#### [Problem statement]
Write out again the lines from the line with "Слайд 10Опричник кирибеевич" up to and including the line with "Cette tasse pour", exactly as they stand below, and skip any picture.

#### [Information supplied]
□ □ □ □ □
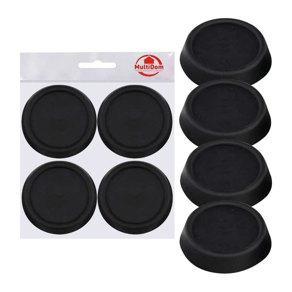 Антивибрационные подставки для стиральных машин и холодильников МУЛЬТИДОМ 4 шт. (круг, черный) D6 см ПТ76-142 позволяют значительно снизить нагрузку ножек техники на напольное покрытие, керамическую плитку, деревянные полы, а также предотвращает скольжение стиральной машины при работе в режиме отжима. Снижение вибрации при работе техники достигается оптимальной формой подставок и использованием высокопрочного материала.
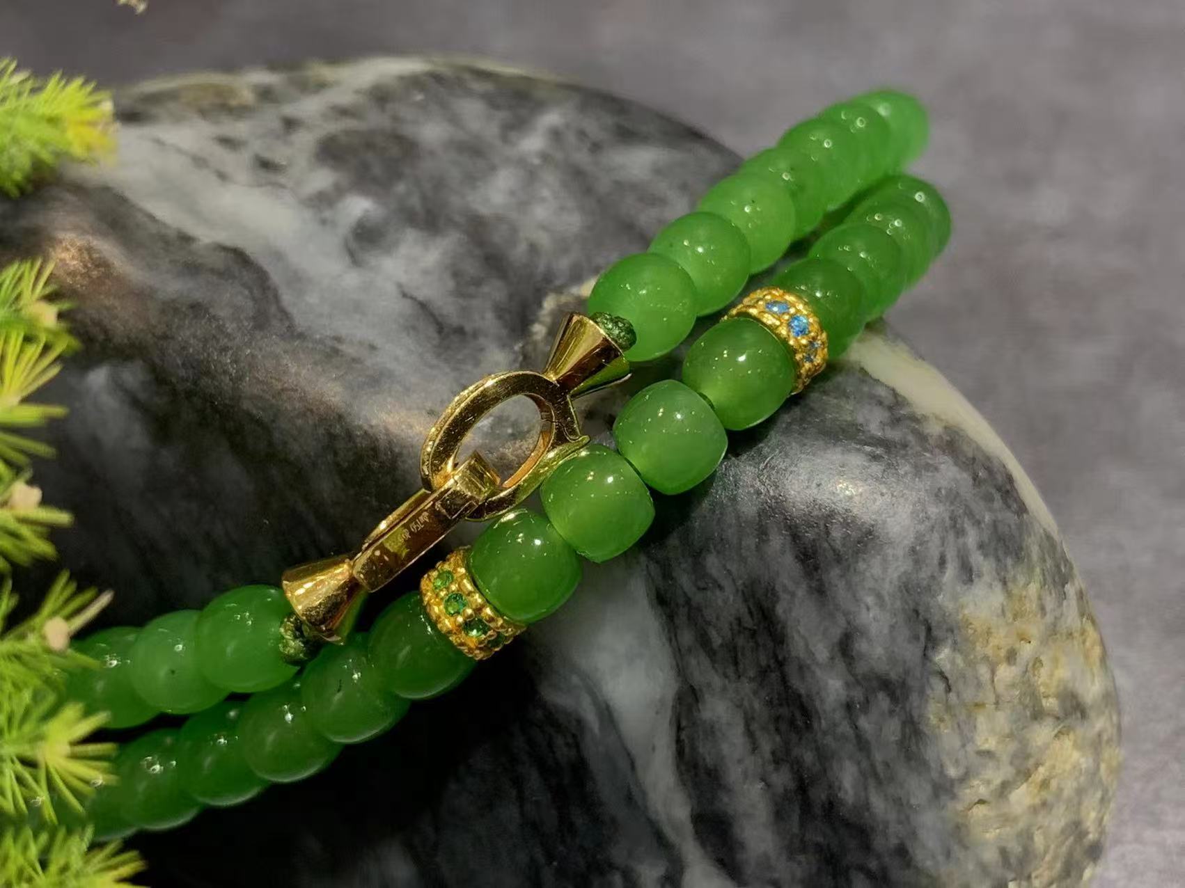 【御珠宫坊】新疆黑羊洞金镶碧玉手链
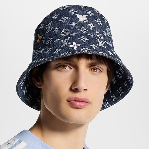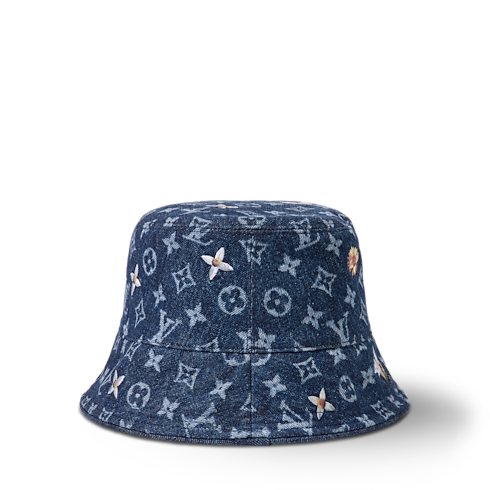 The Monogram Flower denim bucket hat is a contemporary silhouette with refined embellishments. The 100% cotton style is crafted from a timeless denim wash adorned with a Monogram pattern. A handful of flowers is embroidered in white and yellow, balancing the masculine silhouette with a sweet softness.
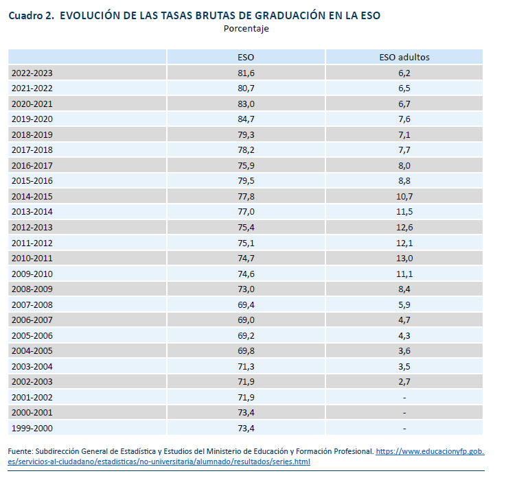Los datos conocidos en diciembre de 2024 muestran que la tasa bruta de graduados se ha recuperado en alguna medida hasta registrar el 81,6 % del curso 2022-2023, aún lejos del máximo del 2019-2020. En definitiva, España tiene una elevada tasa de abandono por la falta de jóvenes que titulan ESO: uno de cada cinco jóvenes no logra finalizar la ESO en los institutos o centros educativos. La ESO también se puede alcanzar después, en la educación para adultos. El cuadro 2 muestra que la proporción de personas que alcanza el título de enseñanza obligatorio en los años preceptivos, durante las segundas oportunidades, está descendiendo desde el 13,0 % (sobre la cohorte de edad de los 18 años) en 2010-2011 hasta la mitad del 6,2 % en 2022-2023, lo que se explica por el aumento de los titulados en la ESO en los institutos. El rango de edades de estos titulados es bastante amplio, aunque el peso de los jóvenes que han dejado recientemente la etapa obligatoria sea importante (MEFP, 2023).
□ □ □ □ □
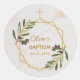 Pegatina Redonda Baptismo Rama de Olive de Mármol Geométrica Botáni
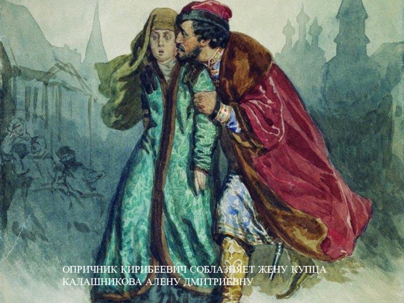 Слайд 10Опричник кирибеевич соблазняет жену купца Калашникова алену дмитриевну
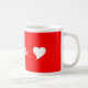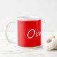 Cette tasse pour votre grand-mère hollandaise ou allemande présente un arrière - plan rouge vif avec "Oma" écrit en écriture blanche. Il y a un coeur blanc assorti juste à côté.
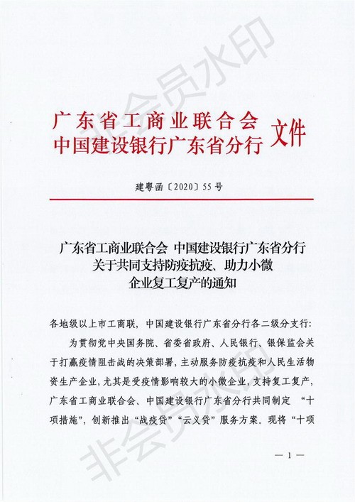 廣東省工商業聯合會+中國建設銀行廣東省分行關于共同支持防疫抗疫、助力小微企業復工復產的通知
□ □ □ □ □
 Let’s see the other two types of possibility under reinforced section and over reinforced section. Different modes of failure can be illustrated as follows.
□ □ □ □ □
#### [Expected answer]
 Слайд 10Опричник кирибеевич соблазняет жену купца Калашникова алену дмитриевну
 Cette tasse pour votre grand-mère hollandaise ou allemande présente un arrière - plan rouge vif avec "Oma" écrit en écriture blanche. Il y a un coeur blanc assorti juste à côté.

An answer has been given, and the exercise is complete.